Thursday, 28 May 2015

The diversity dividend

By Rowena Ironside, Chair of Women on Boards UK and speaker at RI's Diversity in Recruitment Conference
 Diversity, in particular the subject of women on boards, has received a lot of press coverage over the past few years.  The good news also is that we have seen the percentage of women on the boards of FTSE listed companies double between 2011 and 2015 under this attention (from 12.5% to 23% in the FTSE 100 and from 7.8% to 17.7% in the FTSE 250).  There was even good news in the recent election, with the percentage of female MPs increasing from 22% to 29% (thanks mainly to the SNP) and the new cabinet including significantly more women than the last.

Why is this important?

When it comes to the Public sector, the argument for the governance of public bodies to be more representative of the society they are serving is strong. From sport to academies to the NHS, Women on Boards (WOB) is helping to build both the supply and demand for female directors.  Currently around 29% across all public bodies, we are advocating for 40:40:20 (40% men, 40% women, 20% either).
For private companies the arguments are different.  The good news for those of us who believe instinctively that diversity pays dividends is that academic and scientific research are producing increasing evidence for these dividends. Digging into what might be behind the improved financial results of organisations with well gender-balanced boards, (as reported by research from organisations including Pimco and Goldman Sachs Investment Research), McKinsey and Company has proposed a few key drivers.
1.      Number one is talent: the recruitment and retention of the best people is crucial to surviving in a globally competitive economy.  This is linked with increased employee satisfaction in organisations where role models exist for everyone and promotion decisions are widely perceived as fair.
2.      Understanding your customers (80% of consumer purchasing decisions are made by women) is another driver of profit
3.      But probably the most interesting research has been around the impact of diversity on the quality of decision making.  There are several elements to this.  One is as simple as the fact that we all prepare more thoroughly for meetings when we know there will be people present who may disagree with us or simply bring a different perspective.  More fascinating are the findings around how the collective IQ of a group is increased by the inclusion of 2 or 3 women.  Having the six highest IQ individuals doesn’t lead to the highest IQ group; it is the group that combines high IQ with some women that wins the collective IQ prize.

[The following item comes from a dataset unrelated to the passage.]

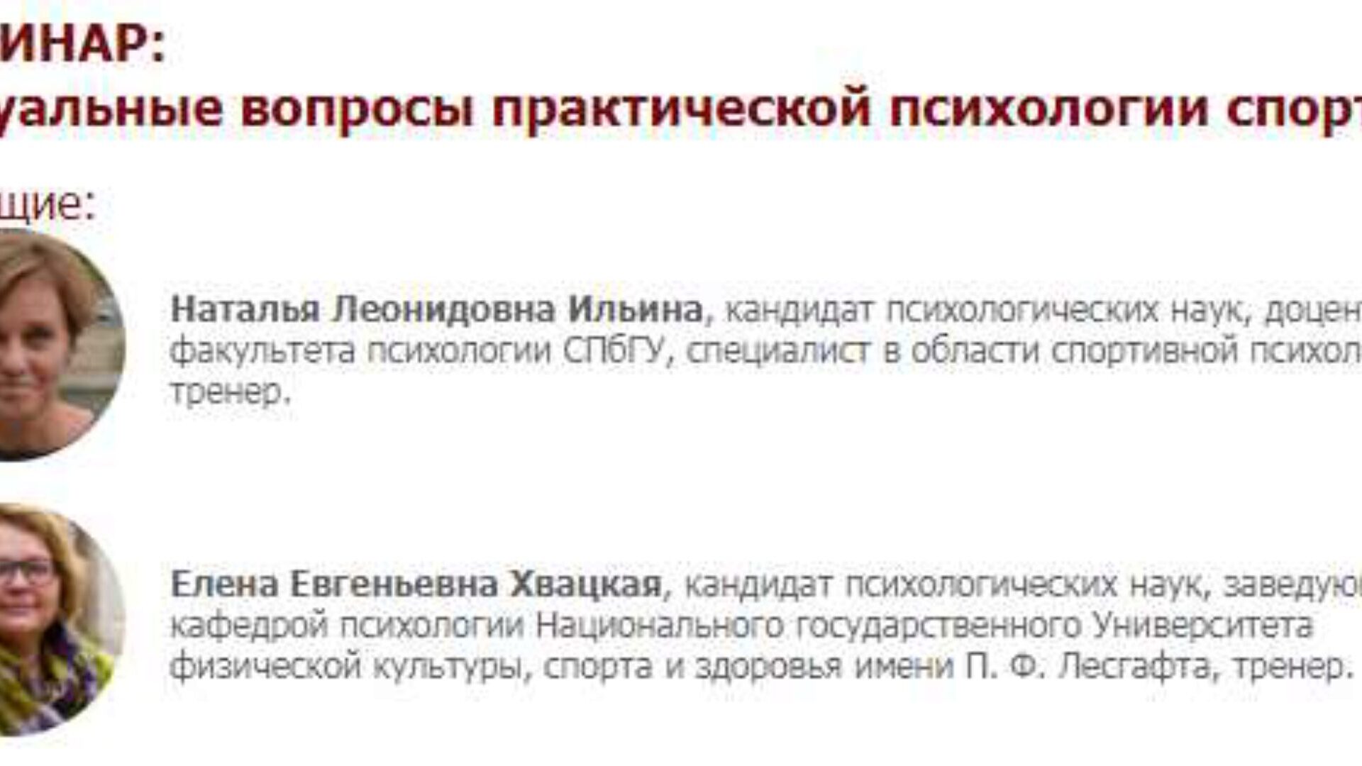Наталья Ильина, Елена Хвацкая «Спортивная психология. Цикл вебинаров»

What part can the recruitment industry play in building more diverse leadership teams?

One important aspect is turning off the spotlight and turning on the floodlights when creating a pool of candidates.  It may be quicker, easier and safer to return regularly to “the usual suspects” – and if you know one or two who seem to fit the spec, a quick placement is definitely more profitable in the short term.  But if you are searching for future stars, WOB UK now has 12,000 women in our network who have self-identified as having board-level ambitions.
A second aspect is being aware of the myths of merit and being ready to guide / challenge clients on them.  To name just three:
1.      Merit is not an objective standard; it lies in the eyes of the beholder and is often highly self-referential.
2.      Men and women do not compete on a level playing field in many organisations.  Organisational cultures and norms (built up in the days when women were excluded from many aspects of the workforce), coupled with the stereotypes and biases each of us hold, influence who gets to the top.  Women do not lack merit or even confidence in many cases – they lack a close enough resemblance to the current leadership norm.
3.      “There aren’t enough women”.  Have you asked them and encouraged them to apply?  WOB UK is doing both and we can help you find them!